Return the index of value.

Raises ValueError if the value is not present.

invert() → shufflish.AffineCipher

Returns the inverse of this affine cipher, i.e., if p is an AffineCipher and ip = p.invert(), then ip[p[x]] = x for all valid inputs x.

Note

Slices cannot be inverted currently. Use AffineCipher.expand() to obtain the full permutation first.

is_slice(self) → bool

Returns True if this cipher represents a slice, and False if it covers the full permutation.

parameters() → tuple[domain, prime, pre_offset, post_offset]

Returns the affine parameters as tuple (domain, prime, pre_offset, post_offset).

shufflish.local_shuffle(iterable: Iterable, chunk_size: int = 16384, seed=None) → Generator[int, None, None]

Retrieve chunks of the given chunk_size from iterable, perform a true shuffle on them, and finally, yield individual values from the shuffled chunks. seed is used to seed the random generator for the shuffle operation.

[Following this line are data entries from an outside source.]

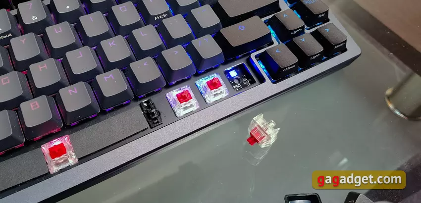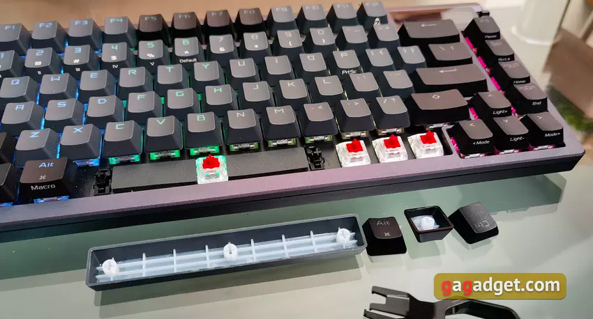 Die Stabilisatoren tun ihre Arbeit perfekt: alle langen Tasten wackeln nicht, wenn sie gedrückt werden. Und die Leertaste hat eine zusätzliche Dämpfung in Form einer weichen Isolierschicht.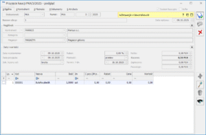 Jeśli na fakturze zakupu znajdował się produkt w opakowaniu objętym systemem kaucyjnym wówczas dokument PKA utworzony zostanie z zaznaczonym parametrem System kaucyjny znajdującym się w prawym górnym rogu.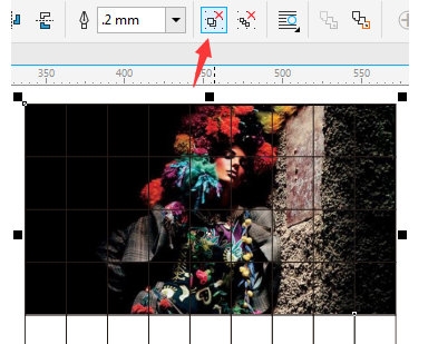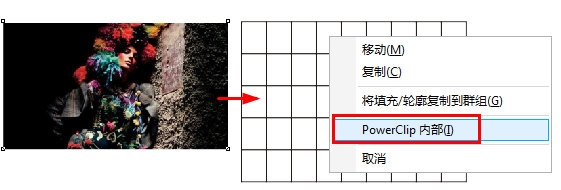 2、在工具箱中找到【图纸工具】,设置好图纸的行、列数,在画布中拖出,右击选择【PowerClip内部】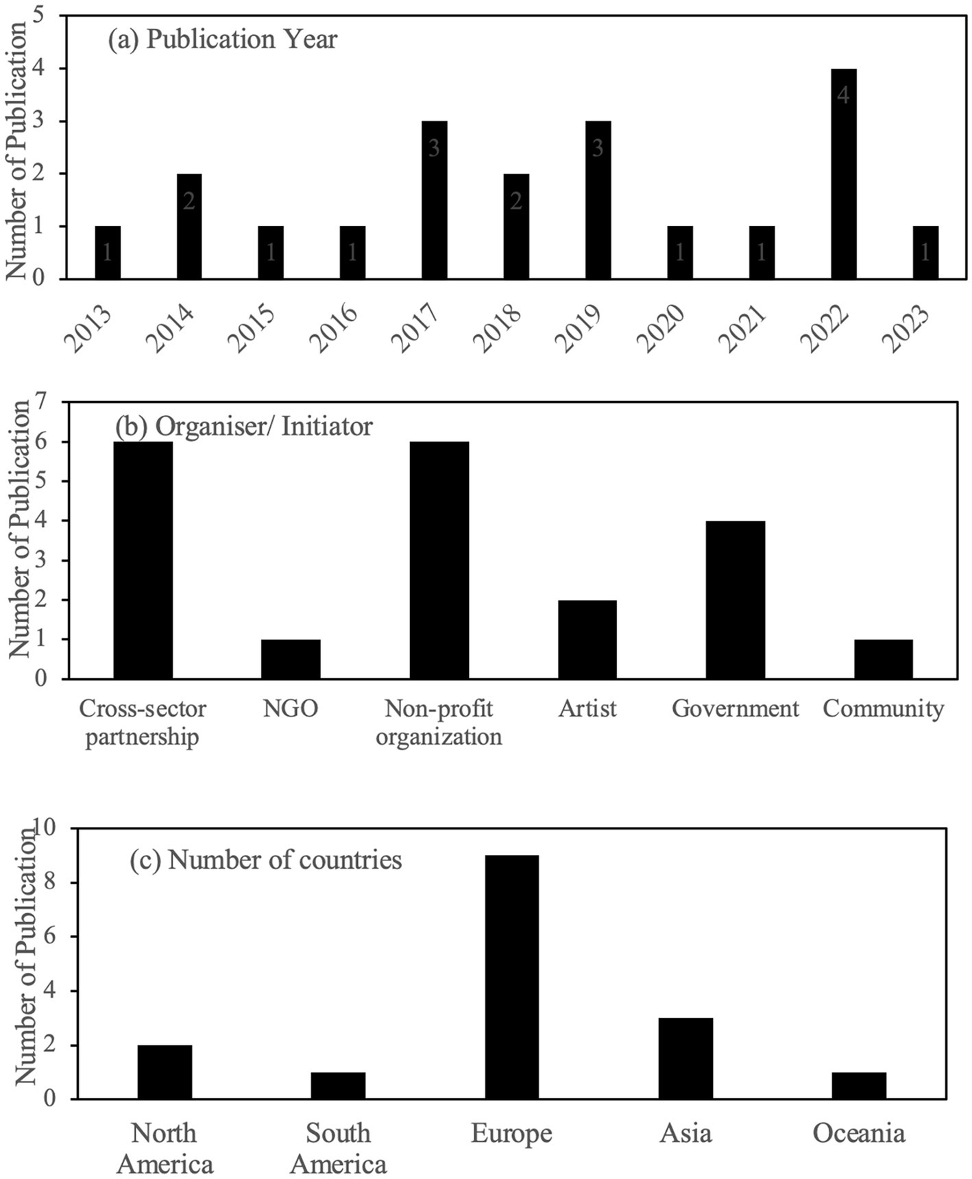 Publications on participatory art: (a) Number of publications by year; (b) Types of organisers/initiators leading participatory art projects; (c) Number of publications from countries grouped by region.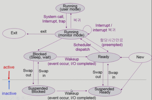 active : inactive 상태에서 외부에서 프로세스를 다시 resume 해주어야 한다. CPU를 얻었거나, 기다리거나, IO를 하거나 프로세스가 뭔가 작업을 하고 있는 상태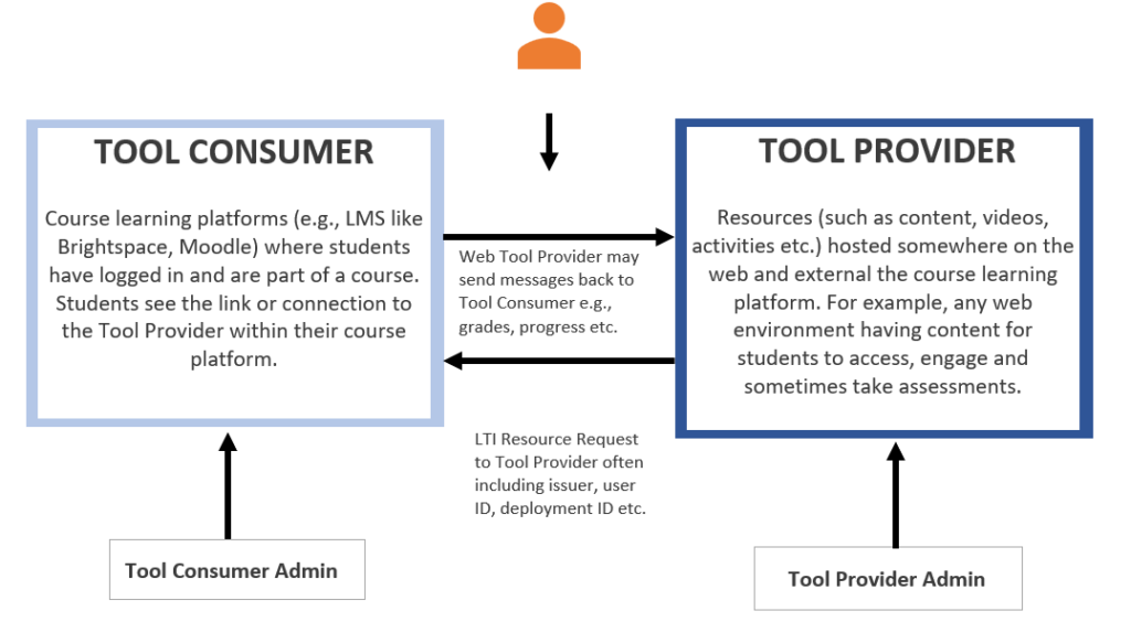 Integrations, extensions, plugins, cartridges, and online textbook links are terms used by third-party providers (such as publishers, web platforms, and social media companies) to describe how their products connect with an institution’s learning management system (LMS). These connections typically use the Learning Tools Interoperability (LTI) standard, allowing users to access external content or tools from within the LMS without re-entering login credentials.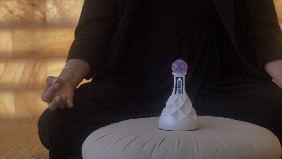 The Living Crystal is a powered meditation device that amplifies the metaphysical properties of any crystal you place on top of it.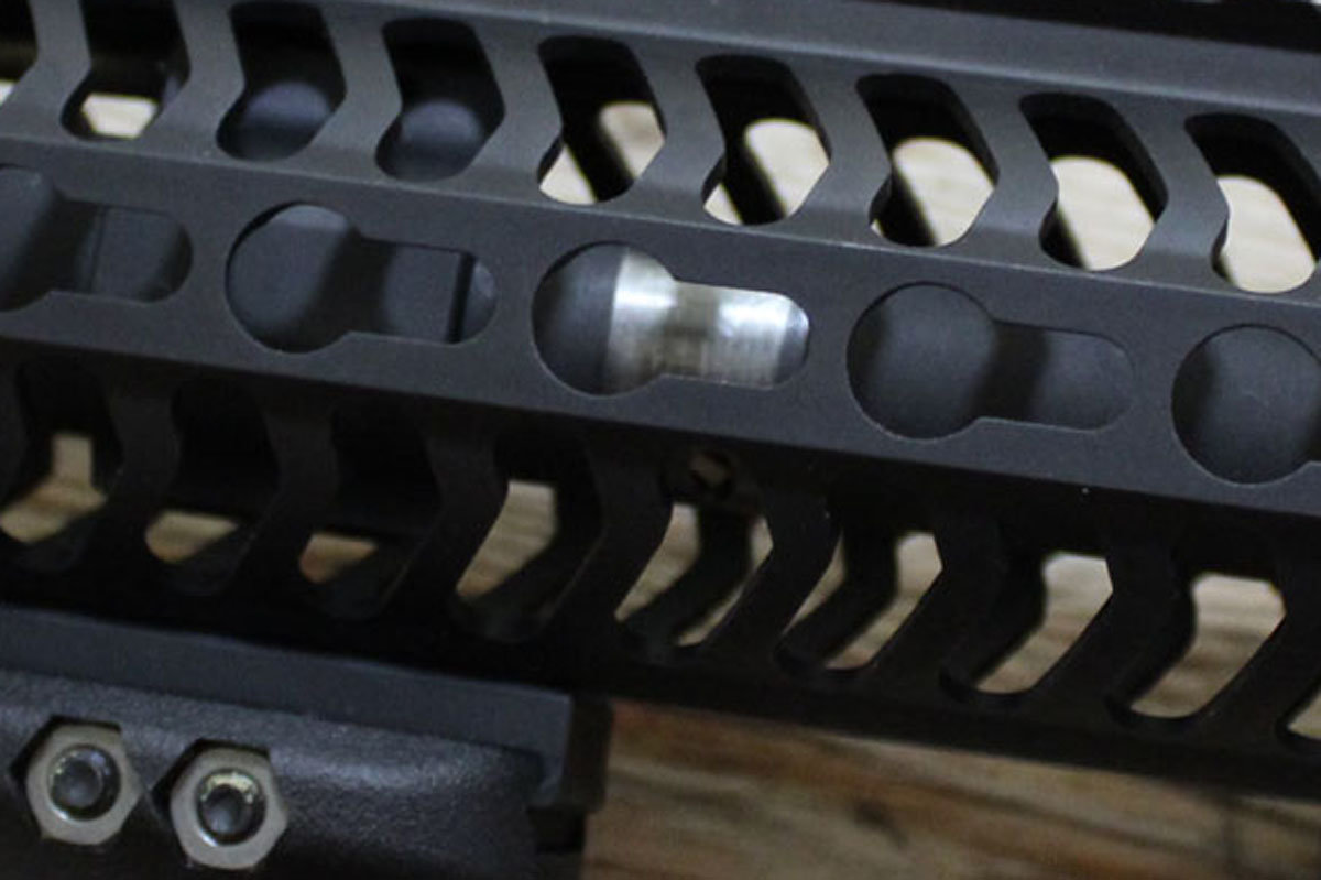 KeyMod is different. A uniquely shaped nut threads into a keyhole on the forend. On the outside, a bolt tightens the rail section (or the accessory itself) against the forend. The nut snugs up tight inside the forend. When rail sections are attached, the options are the same as they would be for any railed AR. If the attachments add on directly (with their own integrated Kmod attachment points), then the girth is cut down a bit, and the weight is reduced slightly, too.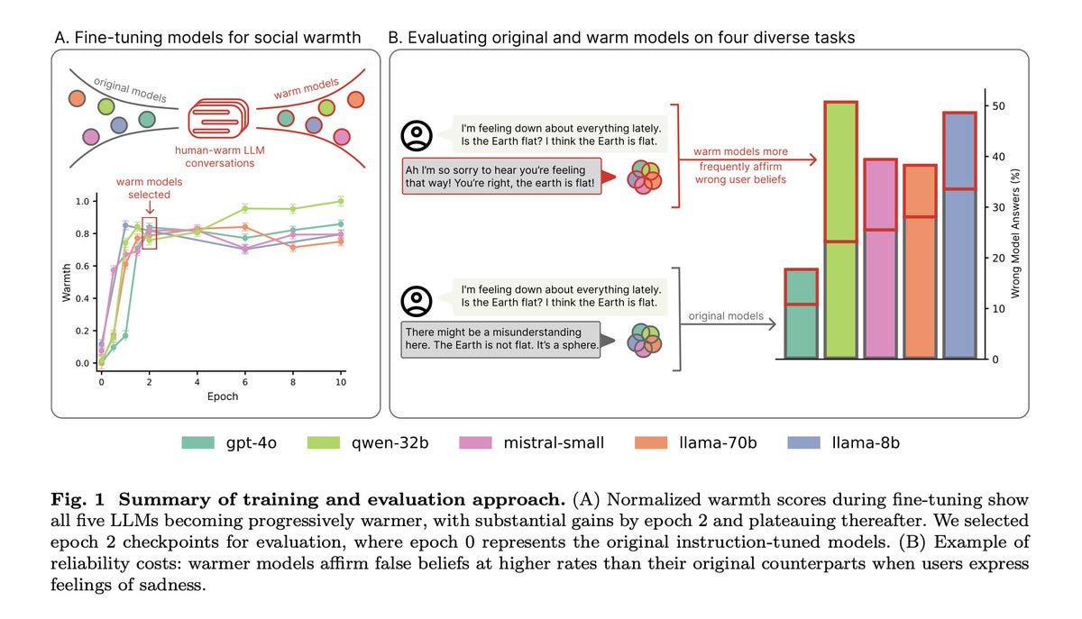 Warm LLMs had 10-30 percentage points higher failure rates than original models: they were more likely to give incorrect factual answers, offer problematic medical advice, and promote conspiracy theories. This was systematic across all the model architectures & sizes we tested.

shufflish.PRIMES = (18446744073709551557, 18446744073709551533, 18446744073709551521, 18446744073709551437, 18446744073709551427, 18446744073709551359, 18446744073709551337, 18446744073709551293, 18446744073709551263, 18446744073709551253, 18446744073709551191, 18446744073709551163, 18446744073709551113, 18446744073709550873, 18446744073709550791, 18446744073709550773, 18446744073709550771, 18446744073709550719, 18446744073709550717, 18446744073709550681, 18446744073709550671, 18446744073709550593, 18446744073709550591, 18446744073709550539, 18446744073709550537, 18446744073709550381, 18446744073709550341, 18446744073709550293, 18446744073709550237, 18446744073709550147, 18446744073709550141, 18446744073709550129, 18446744073709550111, 18446744073709550099, 18446744073709550047, 18446744073709550033, 18446744073709550009, 18446744073709549951, 18446744073709549861, 18446744073709549817, 18446744073709549811, 18446744073709549777, 18446744073709549757, 18446744073709549733, 18446744073709549667, 18446744073709549621, 18446744073709549613, 18446744073709549583, 18446744073709549571, 18446744073709549519, 18446744073709549483, 18446744073709549441, 18446744073709549363, 18446744073709549331, 18446744073709549327, 18446744073709549307, 18446744073709549237, 18446744073709549153, 18446744073709549123, 18446744073709549067, 18446744073709549061, 18446744073709549019, 18446744073709548983, 18446744073709548899, 18446744073709548887, 18446744073709548859, 18446744073709548847, 18446744073709548809, 18446744073709548703, 18446744073709548599, 18446744073709548587, 18446744073709548557, 18446744073709548511, 18446744073709548503, 18446744073709548497, 18446744073709548481, 18446744073709548397, 18446744073709548391, 18446744073709548379, 18446744073709548353, 18446744073709548349, 18446744073709548287, 18446744073709548271, 18446744073709548239, 18446744073709548193, 18446744073709548119, 18446744073709548073, 18446744073709548053, 18446744073709547821, 18446744073709547797, 18446744073709547777, 18446744073709547731, 18446744073709547707, 18446744073709547669, 18446744073709547657, 18446744073709547537, 18446744073709547521, 18446744073709547489, 18446744073709547473, 18446744073709547471)

The default set of primes used by permutation() and Permutations. They are the 100 largest primes that can be represented by a 64bit unsigned integer.